Susan May Williams
Susan May Williams Bonaparte (2 April 1812 – 15 September 1881) was the daughter of Benjamin Williams, a prominent Baltimore merchant (originally from Roxbury, Massachusetts), and his wife, Sarah Copeland, widow of Nathaniel Morton. In response to the opening of the Erie Canal, which was in direct competition with the port of Baltimore, her father became one of the founders of the Baltimore and Ohio Railroad, the first railroad company in the United States, chartered on 24 April 1827.

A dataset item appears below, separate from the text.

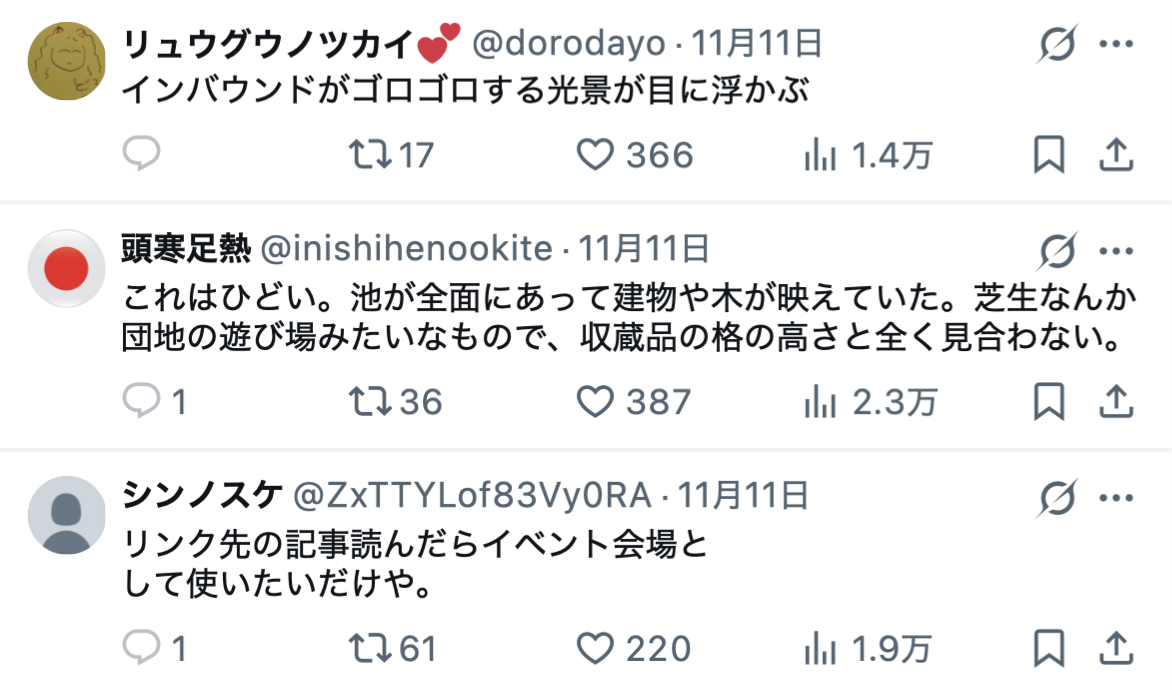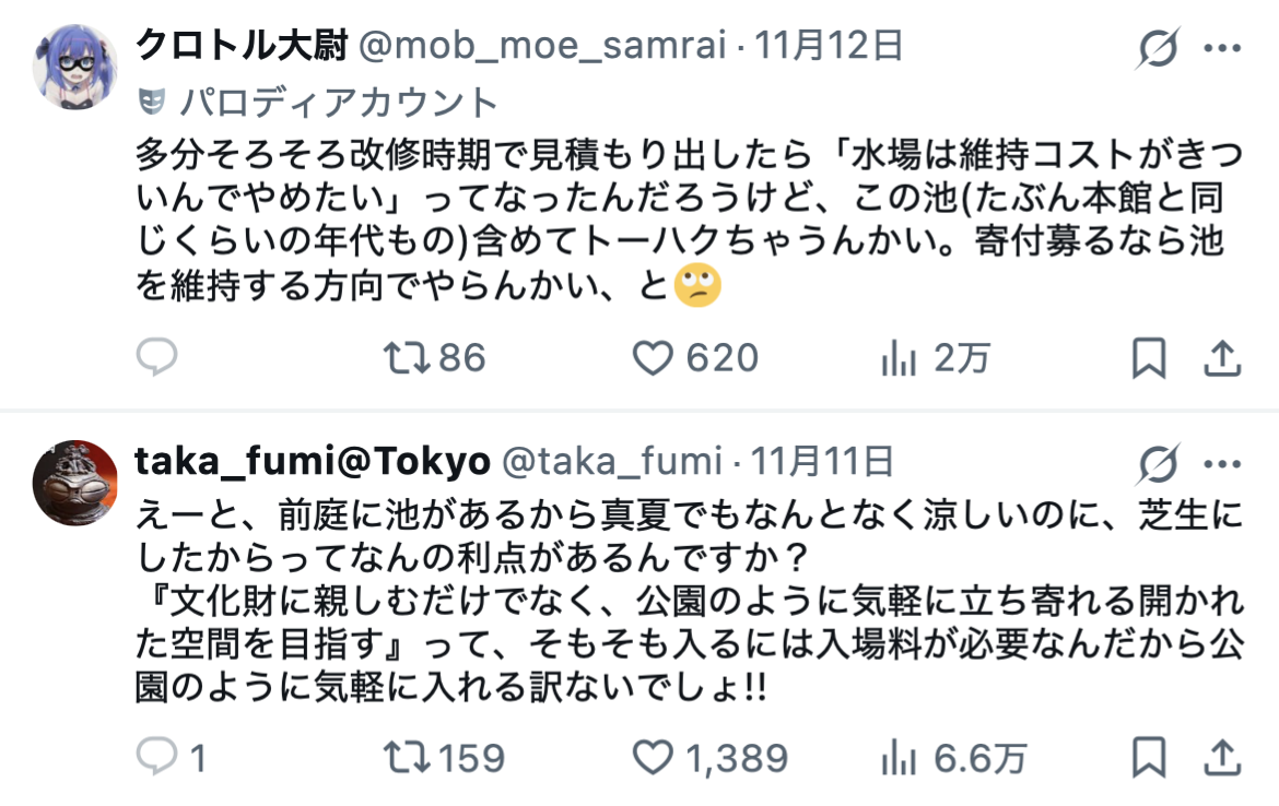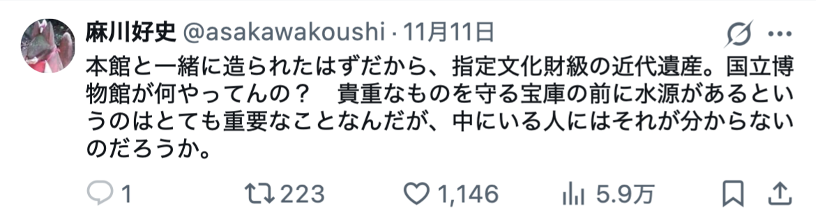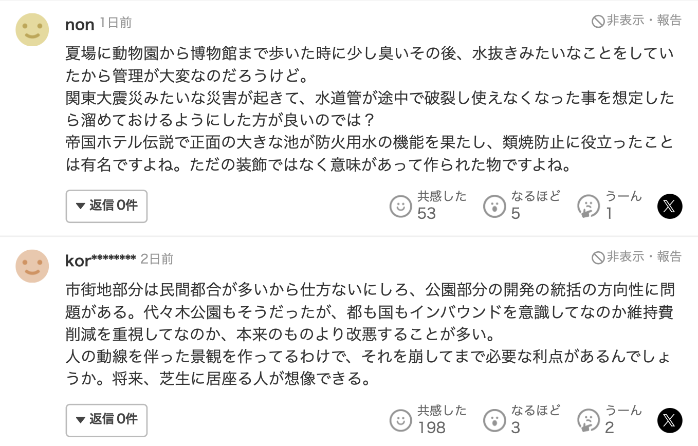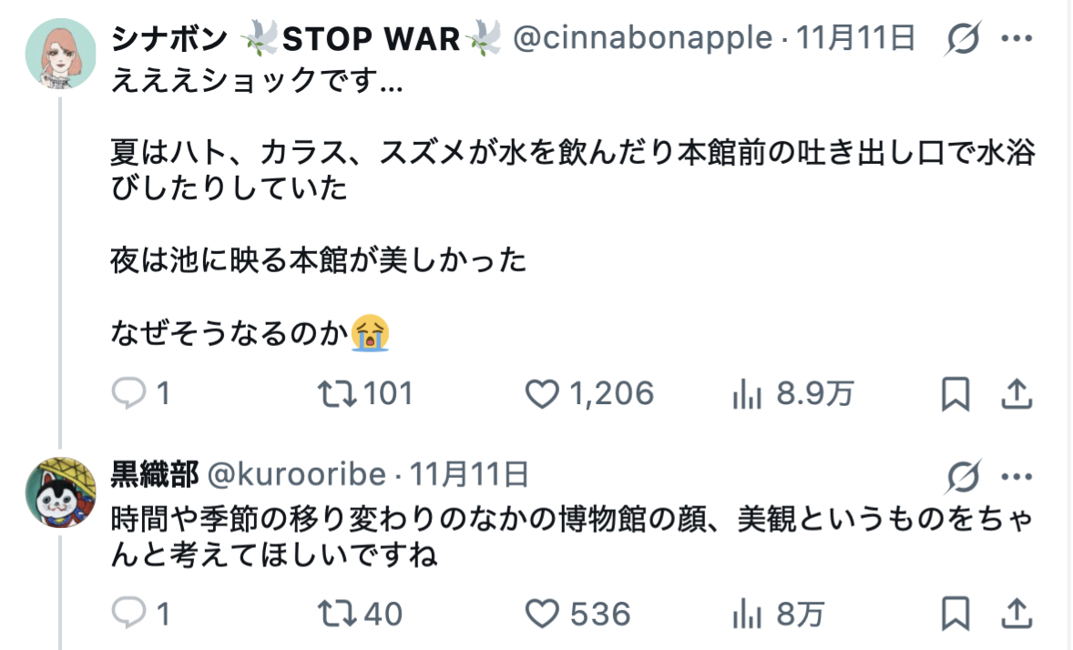 こうした方針に対し、「維持する費用も改修費用も無いってことか…」「池をなくす? 正気ですか?」「えええショックです… 夏はハト、カラス、スズメが水を飲んだり本館前の吐き出し口で水浴びしたりしていた 夜は池に映る本館が美しかった」「本館と一緒に造られたはずだから、指定文化財級の近代遺産。国立博物館が何やってんの?」「インバウンドがゴロゴロする光景が目に浮かぶ」といった批判の声が殺到しています。

In November 1829, Susan became the wife of Jérôme Napoleon Bonaparte-Patterson (1805–70), son of the King of Westphalia (Napoleon's youngest brother) and his American first wife, Elizabeth "Betsy" Patterson. He had refused to wait for an arranged marriage to a European princess, instead opting for the $200,000 fortune that Susan brought to the marriage. In an attempt to match the railroad heiress's dowry, the groom's maternal grandfather, William Patterson — one of the wealthiest men in Maryland — gave the couple Montrose Mansion as a wedding gift.[1]
She had two sons:
- Jerome Napoleon Bonaparte II (1830-1893), officer in the armies of both the United States and France, had issue;
- Charles Joseph Bonaparte (1851-1921), United States Attorney General and Secretary of the Navy, no issue.
References
- ↑ "Maryland State Archives, Montrose Mansion and Chapel" (PDF). Retrieved February 25, 2013.